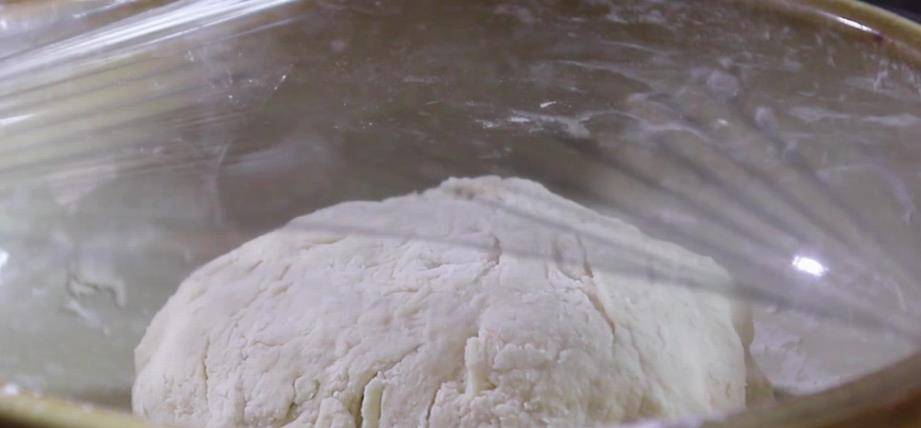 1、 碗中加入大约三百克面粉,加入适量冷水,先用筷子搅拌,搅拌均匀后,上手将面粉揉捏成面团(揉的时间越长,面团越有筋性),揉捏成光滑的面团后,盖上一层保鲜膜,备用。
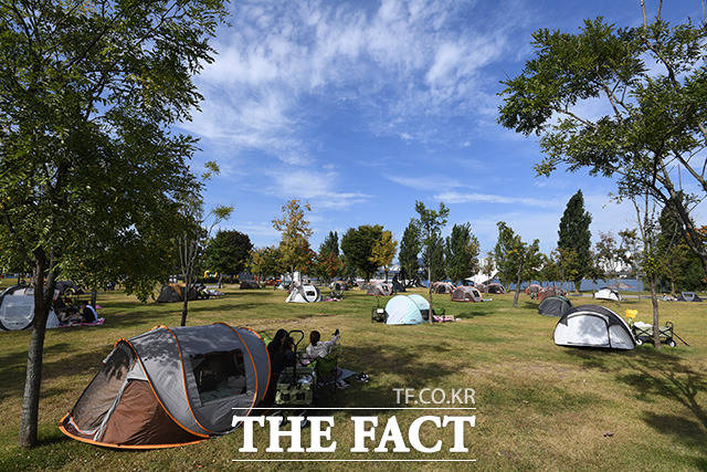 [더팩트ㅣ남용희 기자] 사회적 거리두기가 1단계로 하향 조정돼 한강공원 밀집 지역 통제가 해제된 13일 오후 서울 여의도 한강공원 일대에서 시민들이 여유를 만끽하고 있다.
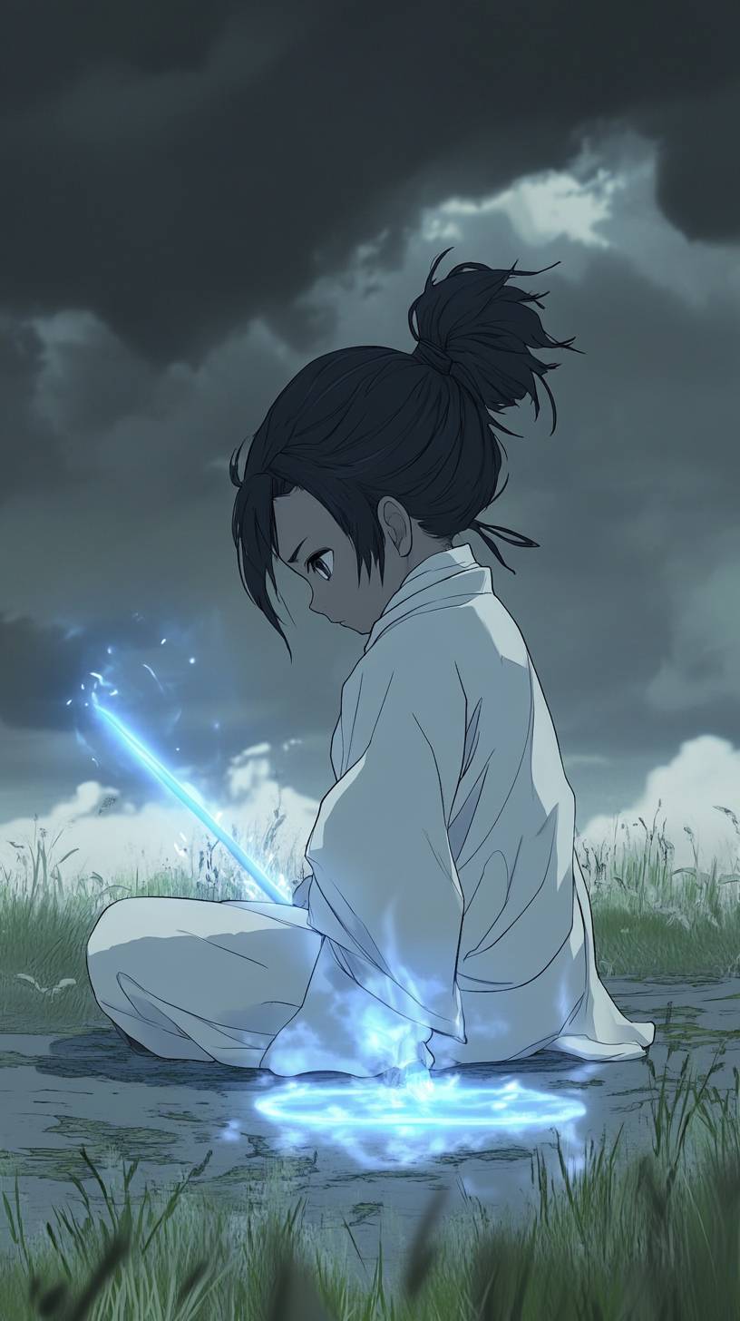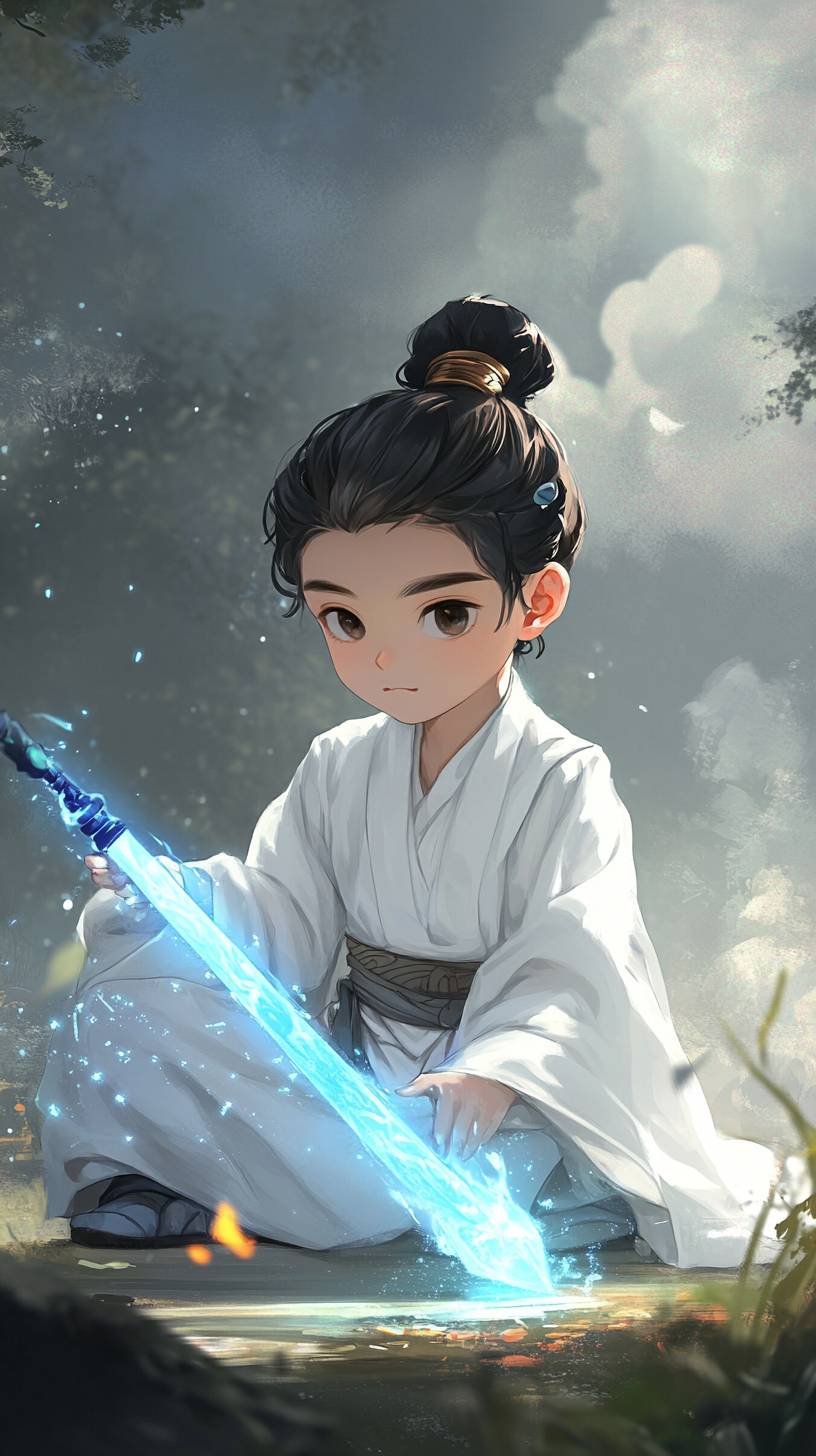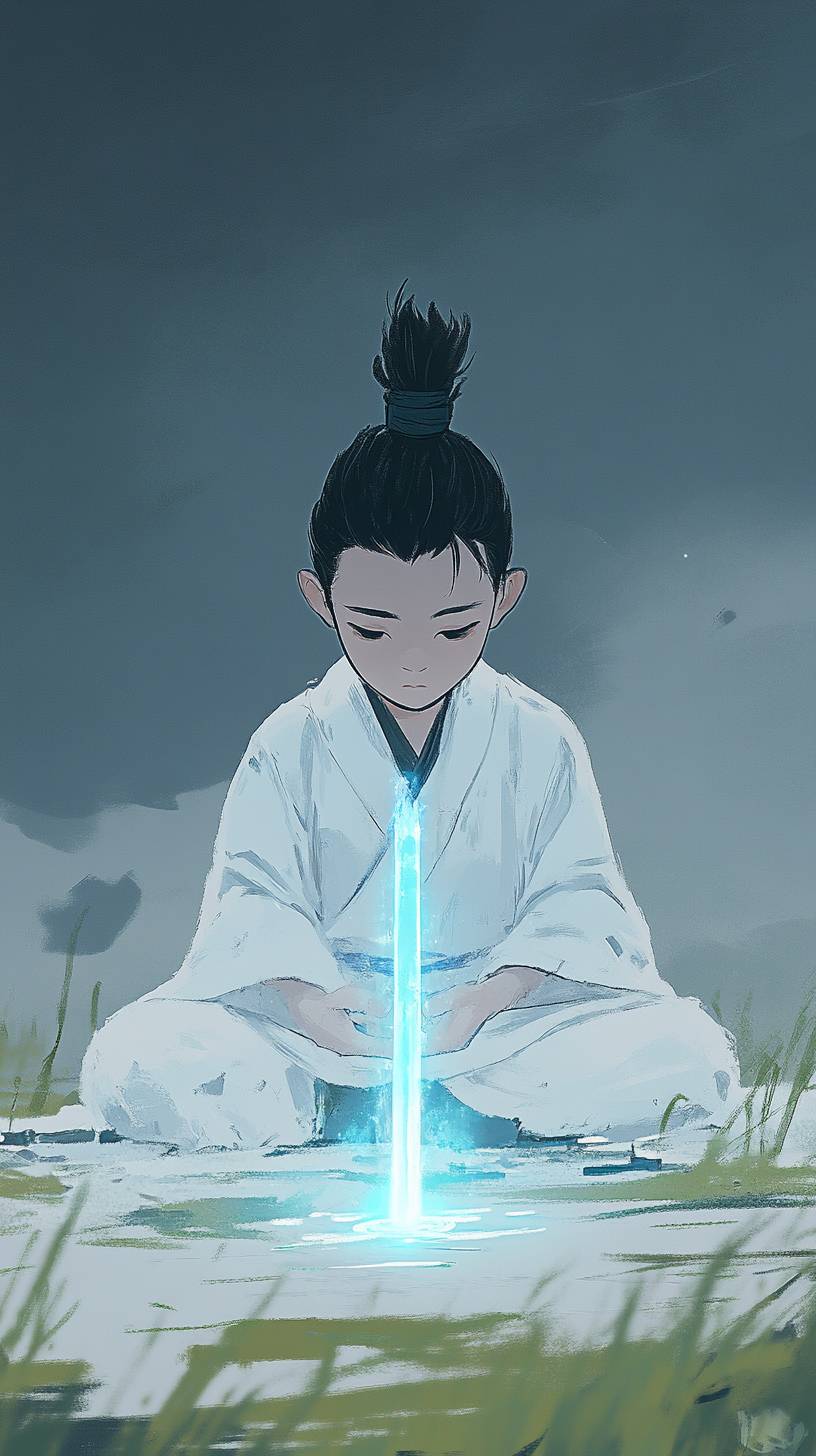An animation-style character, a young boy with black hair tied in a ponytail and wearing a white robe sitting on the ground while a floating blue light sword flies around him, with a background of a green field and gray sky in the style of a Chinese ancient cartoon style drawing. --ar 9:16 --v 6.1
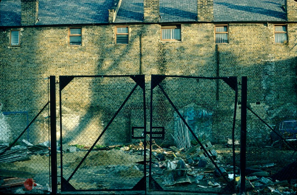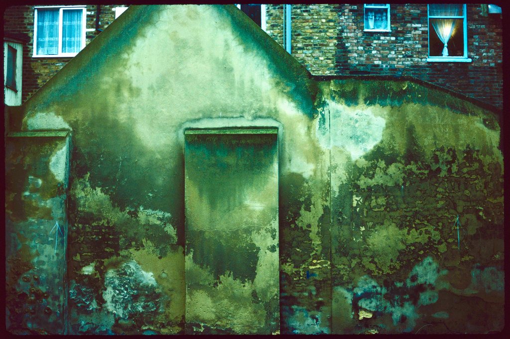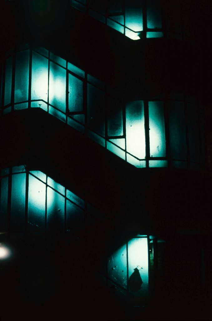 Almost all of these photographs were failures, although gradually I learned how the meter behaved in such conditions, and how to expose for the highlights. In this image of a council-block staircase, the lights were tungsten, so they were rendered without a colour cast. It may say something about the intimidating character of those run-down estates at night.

----

PROBLEM STATEMENT: Please return the whole listing exactly. Do not copy its images.

ANSWER SECTION:
 1、 碗中加入大约三百克面粉,加入适量冷水,先用筷子搅拌,搅拌均匀后,上手将面粉揉捏成面团(揉的时间越长,面团越有筋性),揉捏成光滑的面团后,盖上一层保鲜膜,备用。
 [더팩트ㅣ남용희 기자] 사회적 거리두기가 1단계로 하향 조정돼 한강공원 밀집 지역 통제가 해제된 13일 오후 서울 여의도 한강공원 일대에서 시민들이 여유를 만끽하고 있다.
An animation-style character, a young boy with black hair tied in a ponytail and wearing a white robe sitting on the ground while a floating blue light sword flies around him, with a background of a green field and gray sky in the style of a Chinese ancient cartoon style drawing. --ar 9:16 --v 6.1
 Almost all of these photographs were failures, although gradually I learned how the meter behaved in such conditions, and how to expose for the highlights. In this image of a council-block staircase, the lights were tungsten, so they were rendered without a colour cast. It may say something about the intimidating character of those run-down estates at night.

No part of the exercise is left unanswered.